• **PROMPT**:
In the records below, find the line holding "オメガを代表する人気シリーズ" and the line holding "Support your Dallas". Set down both, with every line between them, exactly.

• **RECORD EXTRACTS**:
BEGIN
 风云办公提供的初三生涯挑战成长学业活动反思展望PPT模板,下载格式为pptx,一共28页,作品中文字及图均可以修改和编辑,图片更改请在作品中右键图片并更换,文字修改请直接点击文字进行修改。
END
BEGIN
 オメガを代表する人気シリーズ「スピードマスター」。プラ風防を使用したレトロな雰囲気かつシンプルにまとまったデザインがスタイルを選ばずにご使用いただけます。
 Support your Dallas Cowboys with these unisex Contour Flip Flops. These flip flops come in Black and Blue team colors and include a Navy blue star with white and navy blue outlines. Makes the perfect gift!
END
BEGIN
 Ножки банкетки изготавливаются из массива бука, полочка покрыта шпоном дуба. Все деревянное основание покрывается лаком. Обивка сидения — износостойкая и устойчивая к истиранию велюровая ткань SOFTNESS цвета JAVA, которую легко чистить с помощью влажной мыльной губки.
END
• **OUTPUT BELOW**:
 オメガを代表する人気シリーズ「スピードマスター」。プラ風防を使用したレトロな雰囲気かつシンプルにまとまったデザインがスタイルを選ばずにご使用いただけます。
 Support your Dallas Cowboys with these unisex Contour Flip Flops. These flip flops come in Black and Blue team colors and include a Navy blue star with white and navy blue outlines. Makes the perfect gift!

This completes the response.